▶ [TASK REQUIREMENTS]: Transcribe exactly the lines below that begin at the line with "臺北市政府前廣場十二月三十一" and stop after the line with "In Final Crisis: Legion", leaving out every picture.

--- --- ---

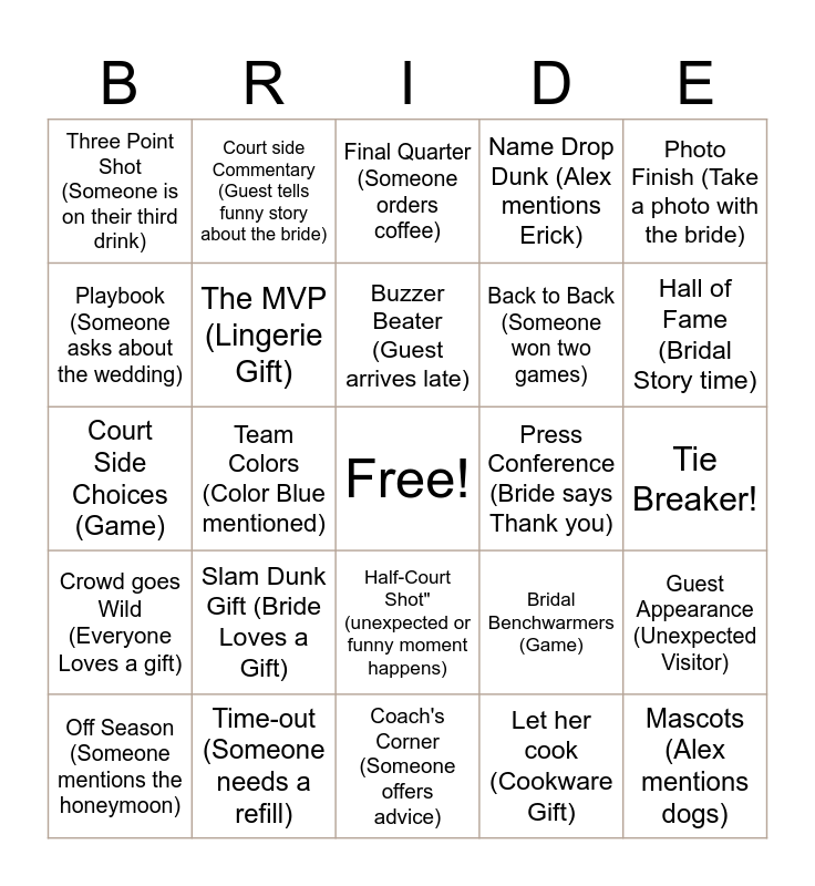 This bingo card has a free space and 24 words: Slam Dunk Gift (Bride Loves a Gift), Time-out (Someone needs a refill), Buzzer Beater (Guest arrives late), Off Season (Someone mentions the honeymoon), Photo Finish (Take a photo with the bride), Three Point Shot (Someone is on their third drink), Playbook (Someone asks about the wedding), Court side Commentary (Guest tells funny story about the bride), Press Conference (Bride says Thank you), Half-Court Shot" (unexpected or funny moment happens), Back to Back (Someone won two games), Court Side Choices (Game), Bridal Benchwarmers (Game), Guest Appearance (Unexpected Visitor), The MVP (Lingerie Gift), Let her cook (Cookware Gift), Tie Breaker!, Final Quarter (Someone orders coffee), Hall of Fame (Bridal Story time), Team Colors (Color Blue mentioned), Mascots (Alex mentions dogs), Crowd goes Wild (Everyone Loves a gift), Name Drop Dunk (Alex mentions Erick) and Coach's Corner (Someone offers advice).
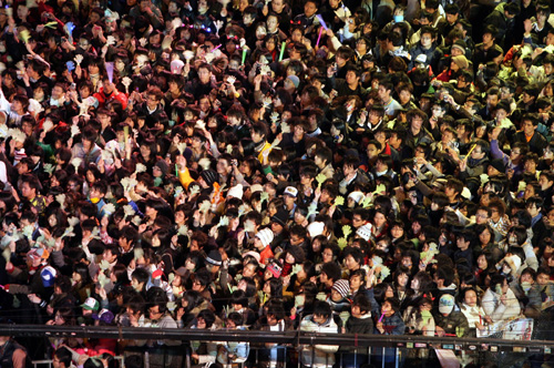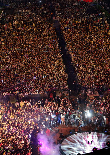 臺北市政府前廣場十二月三十一日舉辦“2008臺北最HIGH新年城”跨年晚會,炫麗的舞臺燈光和精彩的藝人表演,吸引上萬的民眾一起前來參加跨年晚會。(“中央社”圖;張皓安攝)
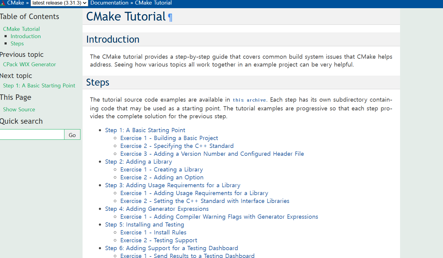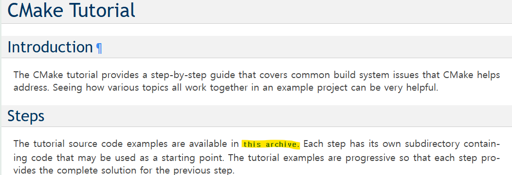 CMake 튜토리얼 예제 소스파일은 메인 페이지의 'Steps' 중제목의 'this archive' 라는 파란색 단어를 클릭하면 .zip 파일로 다운로드 받을 수 있다.
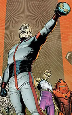 In Final Crisis: Legion of 3 Worlds, Earth-Man and the Justice League of Earth's members join the Legion of Super-Villains.[6] They are defeated, but Earth-Man gains a Green Lantern ring from Dyogene, a creature living inside the planet Oa.[7][4] However, Dyogene takes the ring back after Earth-Man uses it for evil.[8][4]
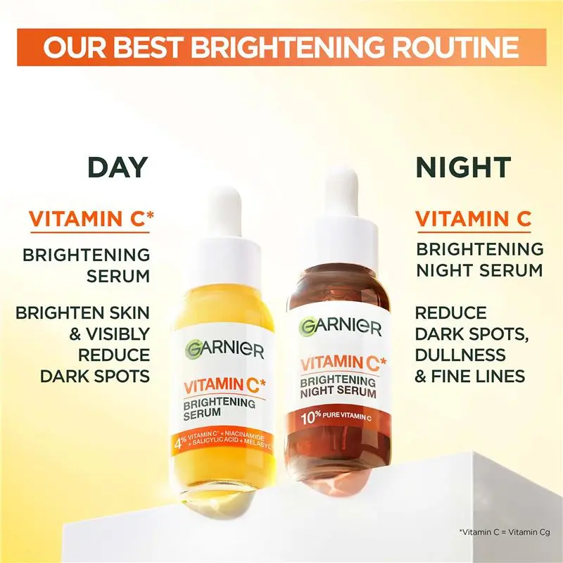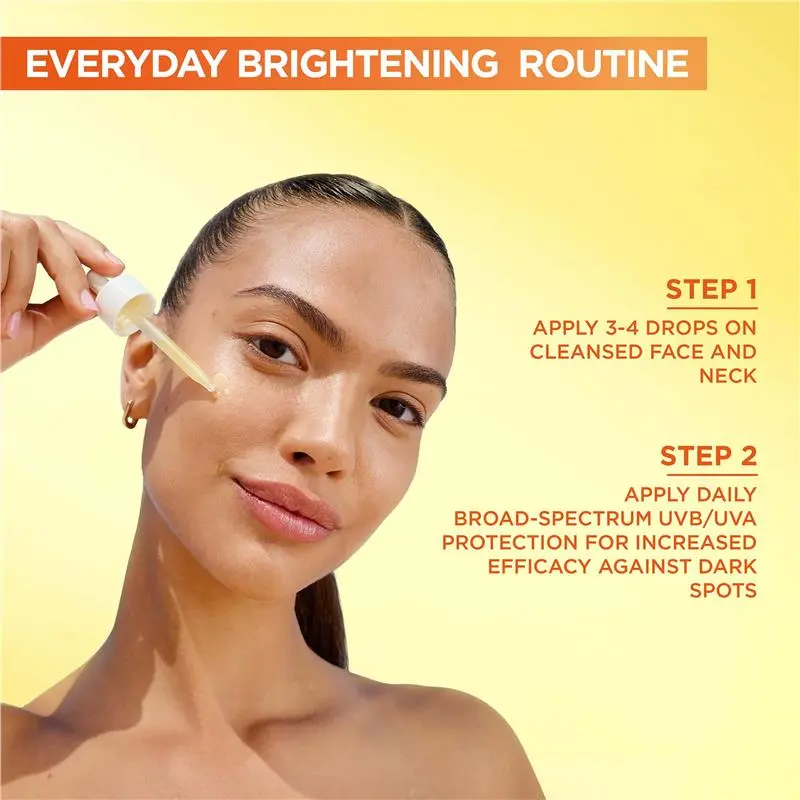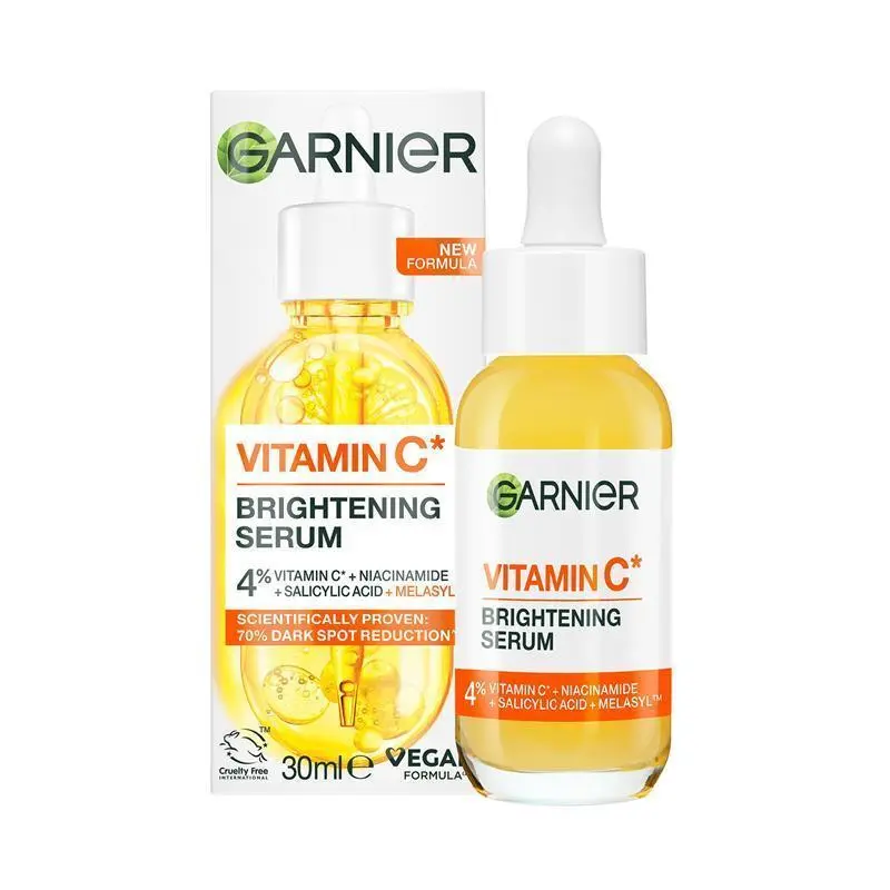 Your favourite Vitamin C* Brightening Serum is better than ever! Formulated with 4% [ VITAMIN C* + NIACINAMIDE + SALICYLIC ACID + MELASYLTM] for brighter skin in 3 days. A lightweight, non-sticky, fast absorbed formula, proven to even skin and reduce all types of dark spots. Our serum combines the power of Vitamin C* a powerful antioxidant to brighten skin, Niacinamide a soothing active proven to even skin tone, Salicylic Acid to gently exfloiate to promote skin cell turnover and patented MelasylTM a new active prove to reduce dark spots and what naturally gives this formula it’s yellow hue. SCIENTIFICALLY PROVEN: In 3 days: skin is brigher** In 8 weeks: -70% dark spot reduction*** Tested on all types of dark spots, even stubborn: post acne marks, sun and age spots for visible dark spot reduction. Garnier commits to greener beauty: This product is tested dermatologically, Vegan Formula^, Cruelty-Free approved. *Vitamin Cg **Cosmeto-clinical study, 111 subjects, after 3 days of twice daily application ***Cosmeto-clinical study, 111 subjects, after 8 weeks of twice daily application ^No animal derived ingredients or by-products.

--- --- ---

▶ [SOLVED EXERCISE]:
 臺北市政府前廣場十二月三十一日舉辦“2008臺北最HIGH新年城”跨年晚會,炫麗的舞臺燈光和精彩的藝人表演,吸引上萬的民眾一起前來參加跨年晚會。(“中央社”圖;張皓安攝)
 CMake 튜토리얼 예제 소스파일은 메인 페이지의 'Steps' 중제목의 'this archive' 라는 파란색 단어를 클릭하면 .zip 파일로 다운로드 받을 수 있다.
 In Final Crisis: Legion of 3 Worlds, Earth-Man and the Justice League of Earth's members join the Legion of Super-Villains.[6] They are defeated, but Earth-Man gains a Green Lantern ring from Dyogene, a creature living inside the planet Oa.[7][4] However, Dyogene takes the ring back after Earth-Man uses it for evil.[8][4]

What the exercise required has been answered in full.